In general, if you look at the conflict situation in normal times, the percentage of conflicts is not much lower. There have been various studies, mostly by foreign scientists, which said that managers spend almost half their time settling disputes and disagreements of their subordinates.
If we go back to the pandemic, the main factor in the increase in conflicts is related to the fact that people were under constant stress. Because of the global changes in the economy, because of the restructuring of business processes in enterprises. And of course, because of the risk of getting sick and fear for their own lives and the lives of their loved ones.
All this provoked emotional outbursts: on the whole, people were more irritable, tense, and less patient.Plus the struggle for limited resources - in a crisis situation this limitation is felt much more acutely.
Is it possible to measure and work with the mood of the team remotely to avoid conflicts?
Of course, you can measure the mood of the team remotely by conducting surveys, collecting feedback, asking how satisfied people are with the interaction with their colleagues, how they assess the atmosphere in the team. You can ask them directly if they encounter any conflict situations.
But really, every manager knows where and what conflicts occur. Often people first try to resolve the conflict on an interpersonal level, and if it doesn't work out, they definitely get to the manager. It's always the way things work in a company, some kind of hierarchy, and people try to pull as many resources and support to their side as possible.
So managers usually know where the most difficult relationships, the biggest problems and uncertainties are.
You can also look at what work issues there are contradictions and disagreements around. Work practice itself will tell you where to look. Where there's failure, something doesn't work out, there's a delay, there's often some contradiction or conflict on an interpersonal level.
Tell us a little about conflict resolution and prevention in companies. Why are you interested in this topic?
About a year ago there was the famous "HR Voice" award, on which the third place, if I am not mistaken, was taken by a case about conflict resolution in the company. A girl from Belarus talked about how she tried to identify conflicts, communicate with employees, bring the discussion to the management level, in order to resolve the increasing number of conflicts.
There was no methodological basis in this case study. In essence, one person was trying to help people who were at odds and disagreements with their colleagues with their own resources. The most interesting thing is that in this case there was no talk of systemic work at all. It was just situational, point-by-point support.
And I was shocked that this obvious and simple case found such a strong resonance in the hearts of my colleagues.
I don't mean to say it's a bad case, but it struck me that the community singled it out as particularly important. I understand why this topic is relevant to business, but it turns out that the HR community doesn't know how to approach a conflict topic at all.

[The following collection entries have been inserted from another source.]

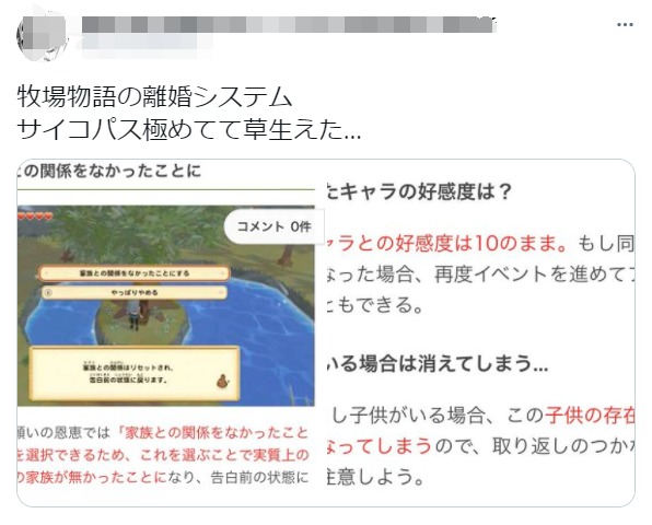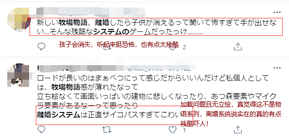 【《牧场物语》新作差评风波不断,“离婚系统”引玩家热议】《牧场物语》系列最新作《牧场物语:橄榄镇与希望的大地》推出后,因其取消立绘,加载过长且频繁等问题一度遭到众多玩家的吐槽,近日随着玩家已经将游戏推到中后期,类似“离婚”系统又再一次将本作推上舆论舞台。本作中,祠堂精灵成长成大人后(需发现100只可乐彭以上,发生事件)就会有特别祈愿这一选项出来。选择这个恩惠后将解除家庭关系,实质上类似“离婚”会回到告白前的状态。可以再一次向同一人或其他人告白并结婚,之前两人的孩子将会消失。本作在发售时除了普通版以外,还带有附带季票的版本,季票会分四次更新,内容为新服装以及前作可攻略角色(男女各两名),或许处于几个月后推出更新时,考虑到避免玩家想攻略新角色还需重新开档的麻烦……许多日本玩家表示,《牧场物语》系列中加入离婚系统,温馨画面下这样冷酷无情的抉择让人有些无法接受。此前利用存档就已经可以攻略多人,孩子消失听起来不仅恐怖还有点残酷。顺便一提,作为本作制作人及美食家的武村大或许也是游戏风评问题,最近也删除了自己社交平台帐号上关于《牧场物语:橄榄镇与希望的大地》内容,以及个人担任这款游戏制作人的简介。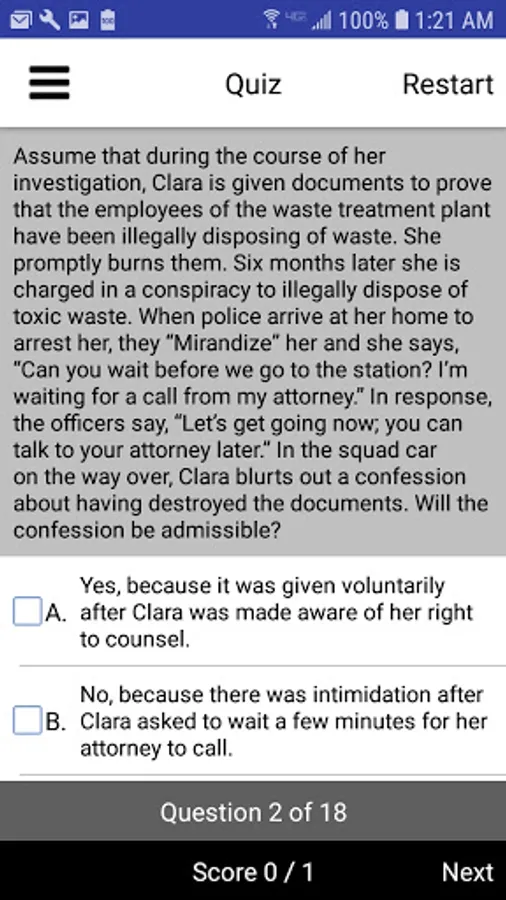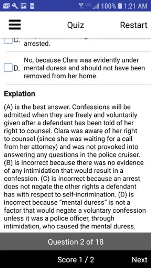- 18 MBE-style multiple-choice practice questions with scoring and detailed explanatory answers. Test at your own pace and return to where you left off or reset the test to start from the beginning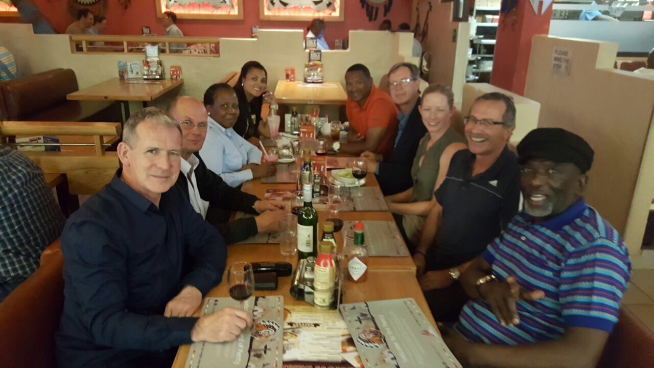 Early Friday morning Norm also flew away to speak at an event. Here he is having dinner with the parents of SA Gold medalist Wade van niekerk and SA Athletics officials.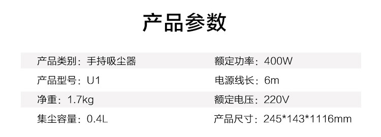 商品名称:美的(Midea)吸尘器U1家用手持立式吸尘器二合一强劲吸力 商品编号:199000 品牌:美的 上架时间:2023-02-02 商品毛重:0克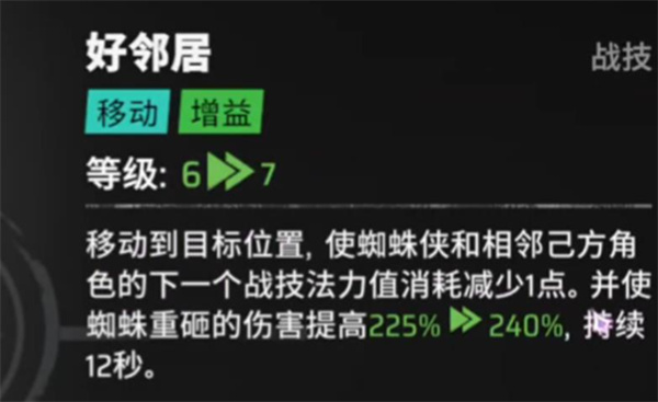 好邻居:位移+增益技能。可迅速调整位置,同时为队友降低战技法力消耗,并提升“蜘蛛重砸”伤害,持续12秒。适合衔接队伍爆发或关键时刻节省资源。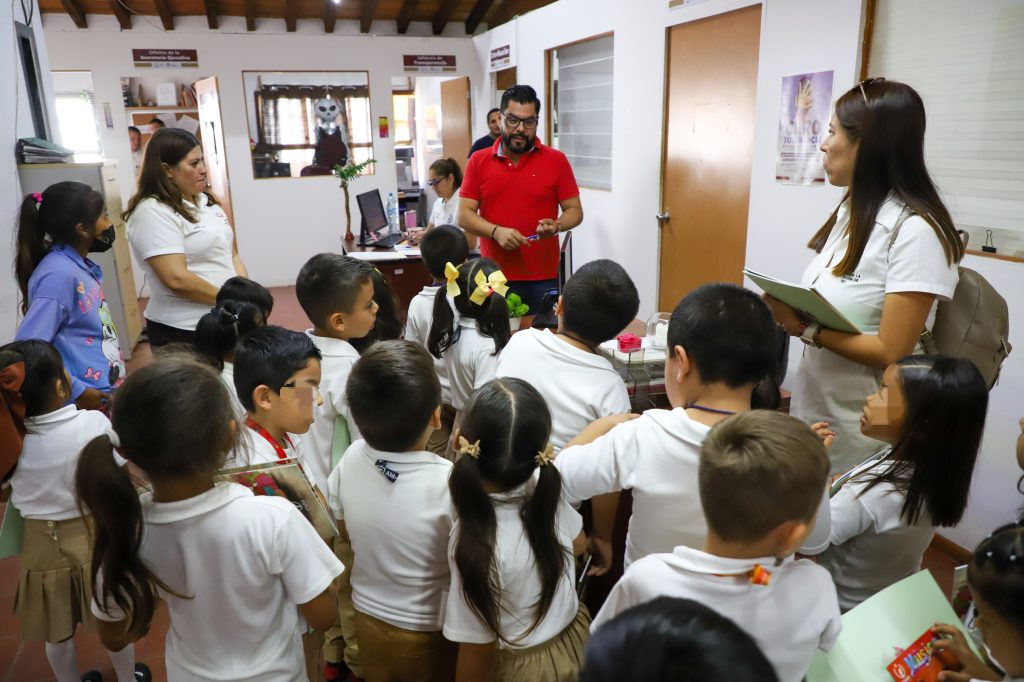 El grupo a cargo de las maestras Lily González Camarena y Ana Cristina Valencia, visitó al presidente municipal interino, Francisco José Martínez Gil, a quien le realizaron diversas preguntas para conocer más a fondo su labor, acción que replicaron también con algunos regidores quienes les explicaron las tareas que tienen a su cargo, y compartieron con ellos temas importantes como los derechos de la niñez.

It so happens that our society does not like to discuss conflicts. And although this topic is not a taboo, it has such a pronounced negative charge, that people will not even admit that they have a conflict with someone. For them to admit that you have a conflict is like admitting that you are a five-minute psychiatric patient. People will stubbornly prove that there is no conflict, even though it is obvious to everyone that people have a hostile attitude toward each other. It turns out that as long as there is not yet a scuffle and as long as there is not yet a criminal code, there is no conflict.
All this spills over into the organization and not everyone is able to deal with this subject and not everyone is able to sort it all out. Conflicts mostly relate to the activities of a manager, and HR can only deal with them when somebody quits their job.
t turns out that companies often mean the entertainment of employees, "congratulations", interteaching, which is not bad and is also necessary. But they miss the main thing - the conflicts.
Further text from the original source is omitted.